Dunbar’s Number and Organization of Organizations

I’ve been reading some of Robin Dunbar’s work recently, specifically Dunbar’s number. According to this idea, humans are capable of having meaningful interaction with about 150 people. In my recent readings, it seems “other” personified entities (such as God or our pets) can be included in our counts.

Dunbar suggests the number is actually one in a hierarchy, with each level comprising about three times the number of individuals at the previous level. The exact numbers are not important, but Dunbar finds humans maintain about five with who they have close interactions (think immediate family members and closest friends), 15 fill the next layer of associates.
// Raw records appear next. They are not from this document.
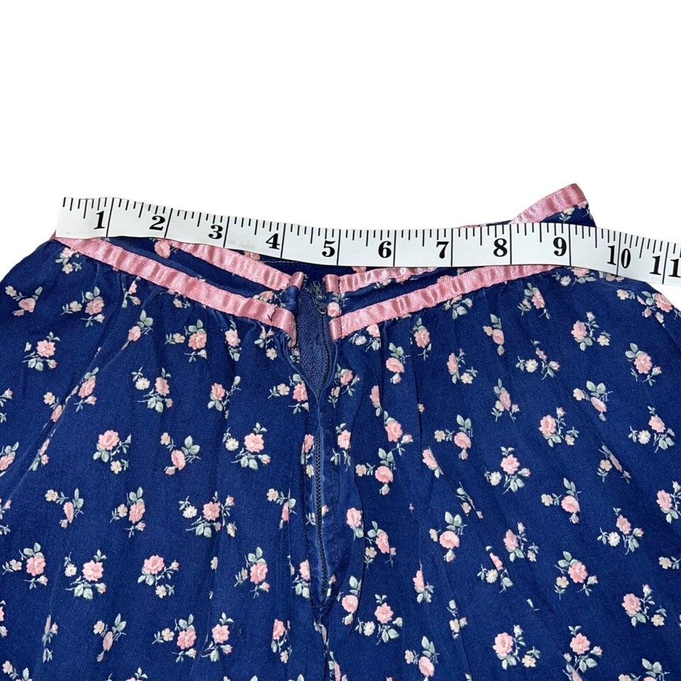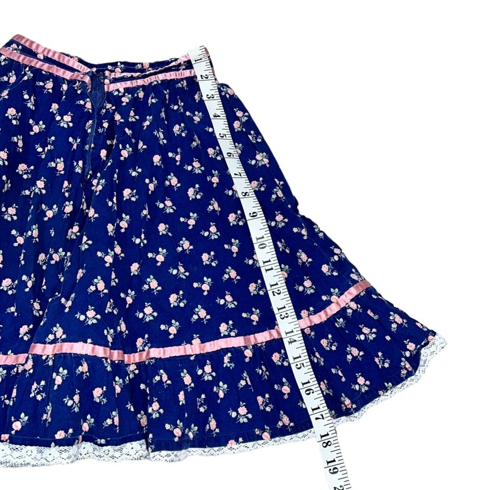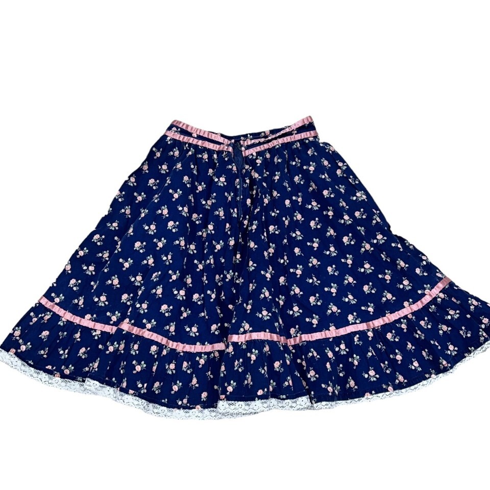 This vintage 70s Gunne Sax style women's prairie skirt features satin lace trim and a charming floral pattern. The piece exudes timeless elegance and effortless style, perfect for those who love retro fashion.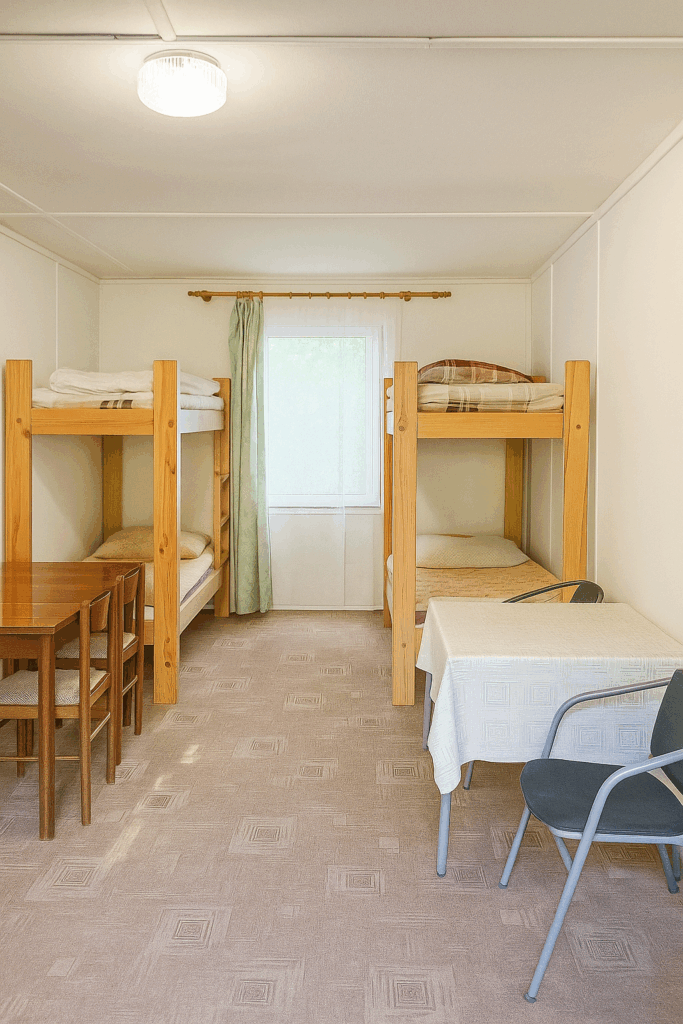 V našem autokempu máte možnost ubytování v čtyřlůžkových chatkách nebo můžete využít vlastní karavany a stany.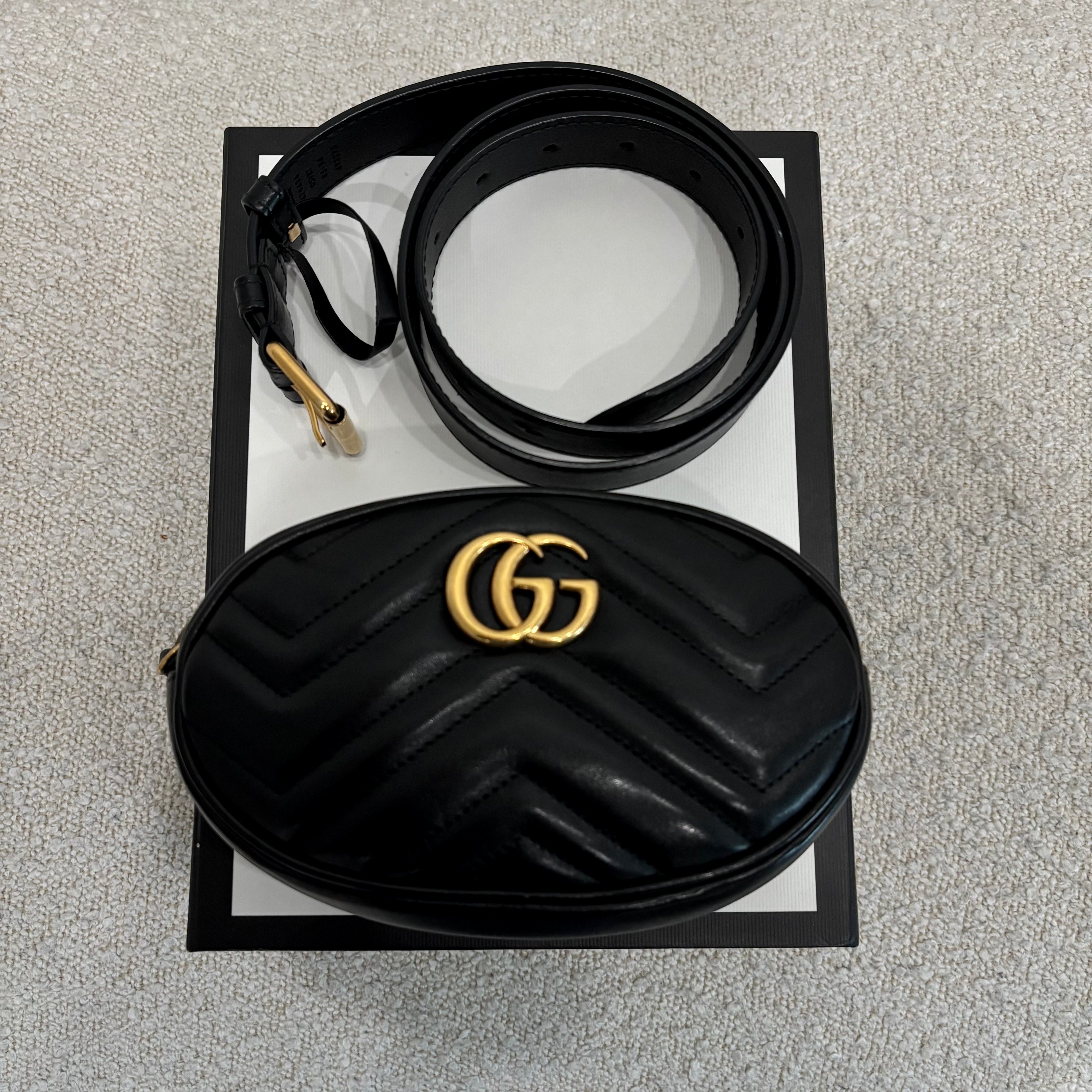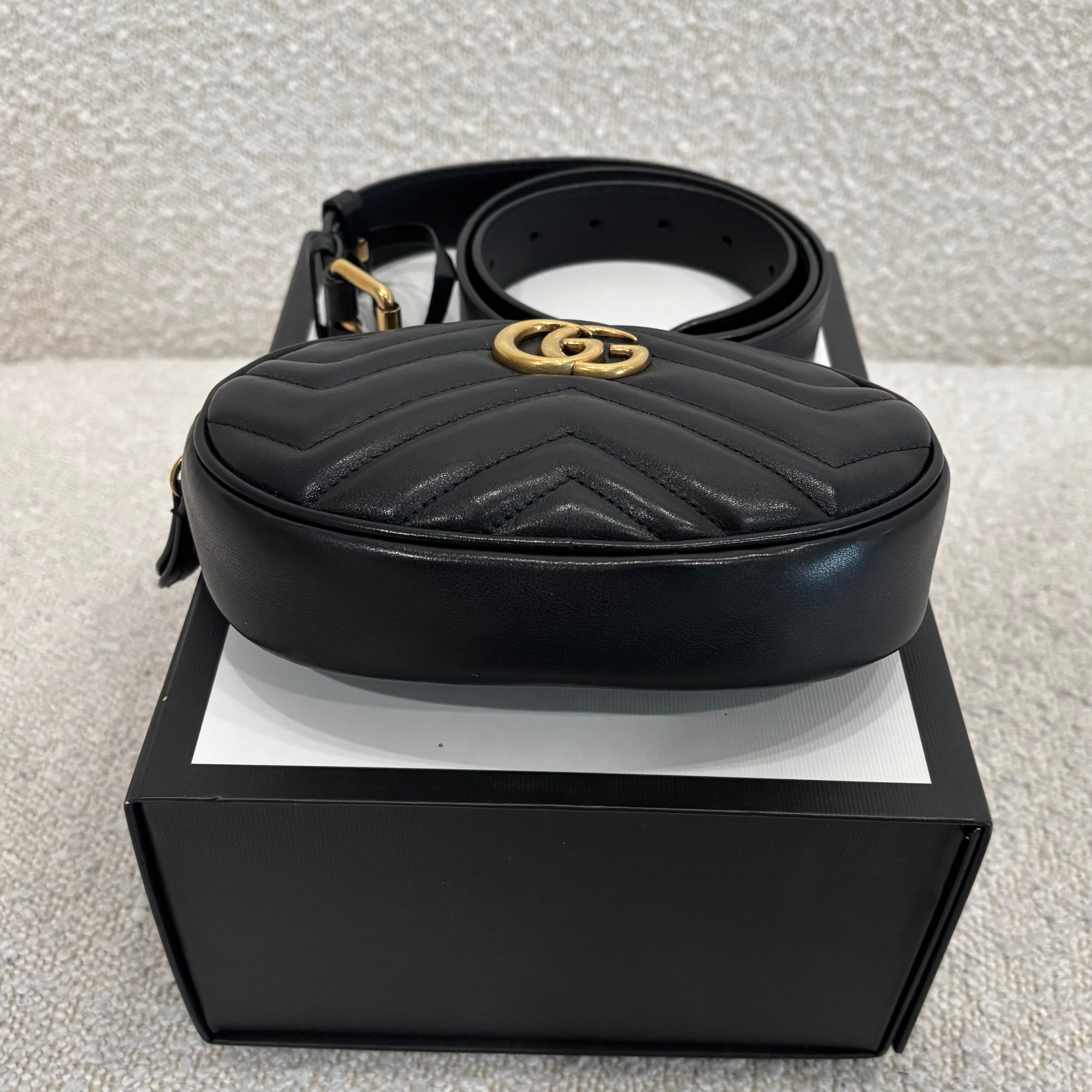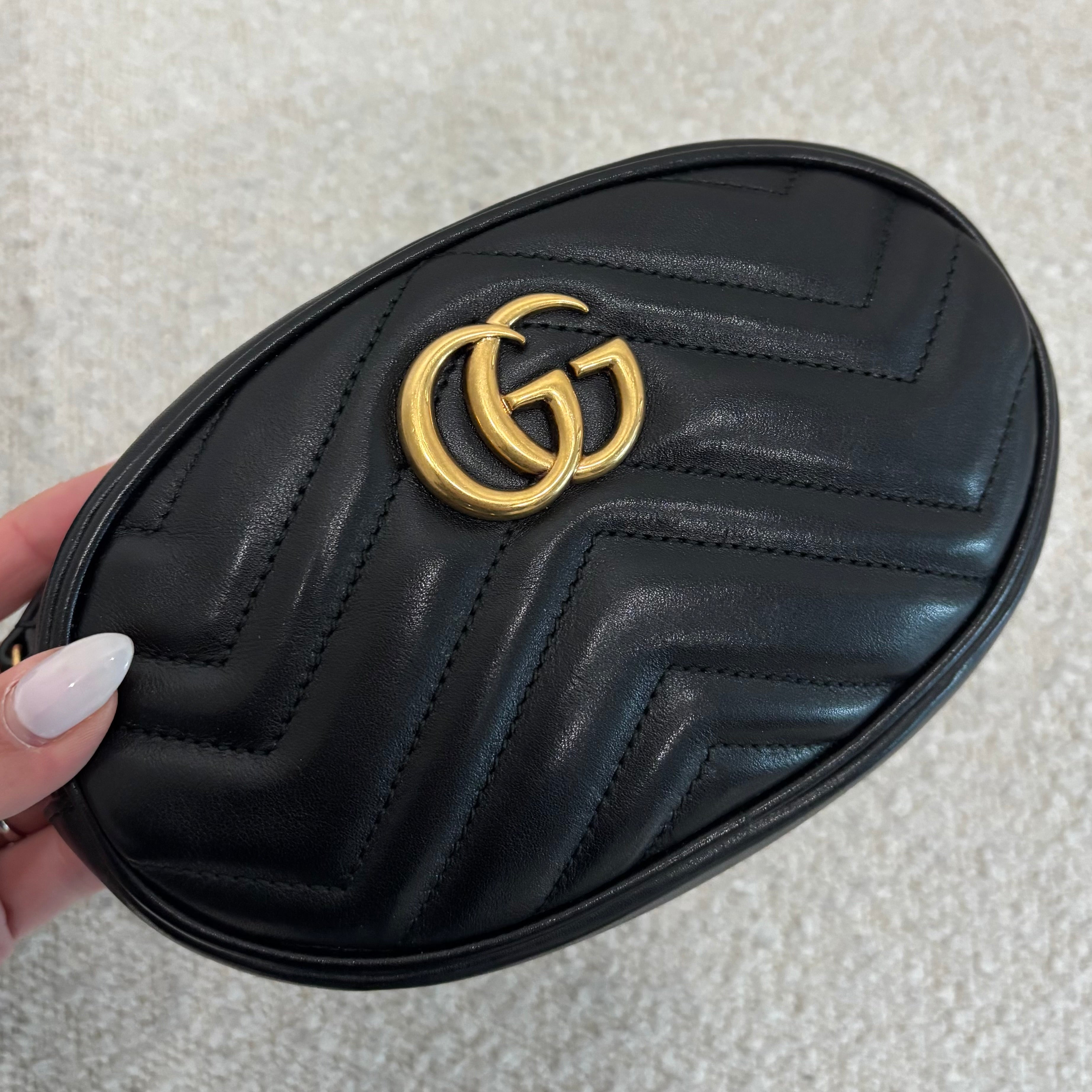 Pre-owned Gucci Marmont GG Black Belt Bag Size 85 / 34

With each layer, we have more individuals with less intimate, but still meaningful, interactions.

I have started to think about those layers and the world of work, especially in the world of information technology. I am starting to see that we have close colleagues who are interdependent on each other. We cannot do our jobs unless they are doing their jobs. Our interdependence is mutual.

At the next layer, there are those whose work depends on us doing our jobs, but these relationships are asymmetric. As an IT professional, other depend on the systems I create, configure, and manage; but functioning IT systems does not guarantee their success.

At the final layer, there are those with whom I interact, but we work on different aspects of the organization. As I conceptualize this hierarchy right now, we contribute to the climate of the organization, but we interact only indirectly.

The hierarchical nature of Dunbar’s number

I’ve been chatting with others (who are outside of my circles right now) about this and they are intrigued at the way Dunbar’s number might help us to think about our colleagues and the support we provide to others. I am intrigues to see where they might take it.